Quick Hits from Central Asia and the South Caucasus:

  • A United States State Department delegation visited Ashgabat this week to attend the third U.S.-Turkmenistan Annual Bilateral Consultations. In addition to discussing ties in trade, energy, agriculture, education, and the construction of a Turkmenistan-Afghanistan-Pakistan-India natural-gas pipeline, the U.S. reportedly thanked Turkmenistan for assisting the socio-economic situation in Afghanistan.
  • Uzbekistan President Islam Karimov argued on Tuesday that NATO’s impending withdrawal from Afghanistan in 2014 could “lead to even more tensions” near the Uzbek border. Central Asian leaders, and particularly Karimov, frequently play up the threat of instability spilling over from Afghanistan, though many regional observers remain skeptical of this theory.  
  • Russia’s ambassador to the Shanghai Cooperation Organization (SCO) firmly stated that the regional alliance would not assume responsibility for Afghanistan’s security after the withdrawal of NATO forces. As previously noted by Joshua Kucera, while SCO member states have expressed concern about the situation in Afghanistan, the alliance has struggled to define its role as it relates to the country.
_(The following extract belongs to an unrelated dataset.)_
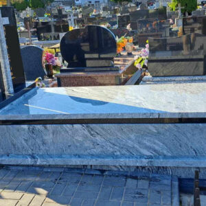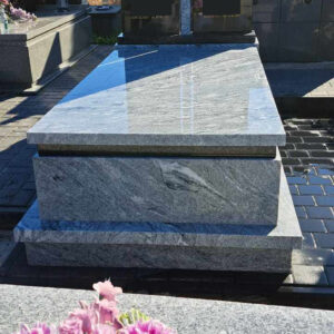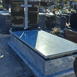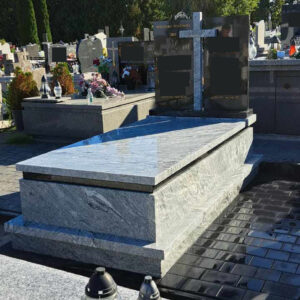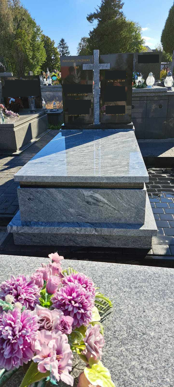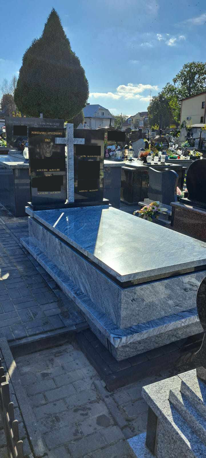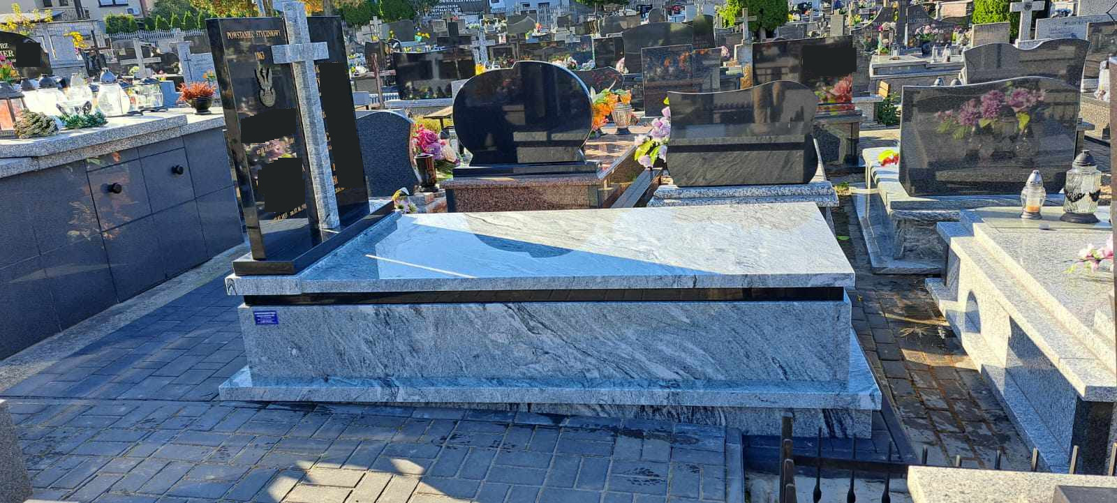 Nagrobek wykonany przez naszą firmę Kamieniarstwo, Nagrobki, Pomniki- Piotr Komadowski powstał na cmentarzu ,,Nowym” w Tomaszowie Lubelskim. Parapety, obłożyny oraz pokrywa grobowa została wykonana z jasnego granitu o nazwie Viscount White, natomiast pozostałe elementy z czarnego granitu o nazwie Monumental. Pokrywa grobowa spoczywa na cofniętym względem lica nagrobka czarnym pasku o grubości 5 cm. Dwie czarne tablice ustawiono z zachowaniem symetrii, pomiędzy tablicami ulokowano krzyż z jasnego kamienia. Napisy wykonano w kolorze złotym.

  • On Monday Darigha Nazarbaeva, lawmaker and daughter of Kazakh President Nursultan Nazarbaev, proposed to lease control of the 140,000 hectares of cannabis fields in the Chui Valley to pharmaceutical firms, instead of destroying them. Kazakhstan hopes to harness 5,000 to 6,000 tons of hemp produced annually from this valley into a new boom industry for the country.
  • Russia announced on Friday the formation of a helicopter squadron in its Erebuni airbase in Armenia. Russia’s current MiG-29 fighter jet deployment “will be strengthened with Mi-24P attack helicopters, Mi-8MT and Mi-8SMV military transport helicopters…” RIA Novosti reported.
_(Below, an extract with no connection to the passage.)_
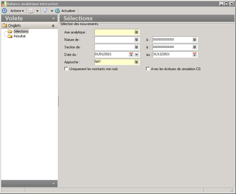 Sélectionnez au minimum l'axe analytique et les dates de début et fin de la période interrogéepuis cliquez sur le bouton Actualiser.

  • Azerbaijan intends to purchase Turkish OMTAS and UMTAS anti-tank missiles. The UMTAS missiles have a longer range and can be operated from both land-vehicles and aircraft.
  • The current chairman of the Organization for Security and Cooperation in Europe (OSCE), Swiss Foreign Minister Didier Burkhalter, discussed the OSCE’s upcoming efforts to resolve the border tensions in the South Caucasus.
  • On Monday Azerbaijani opposition party activist and advisor Yadigar Sadiqov was convicted and sentenced to six years in prison for “hooliganism.” According to human rights groups, this makes him one of 145 political prisoners held in Azerbaijan. Two days later, Azerbaijani President Ilham Aliyev denied again the existence of any political prisoners in his country.
  • This week marked the 20th anniversary of NATO’s Partnership for Peace program, NATO’s main forum for defense cooperation with the Central Eurasia region.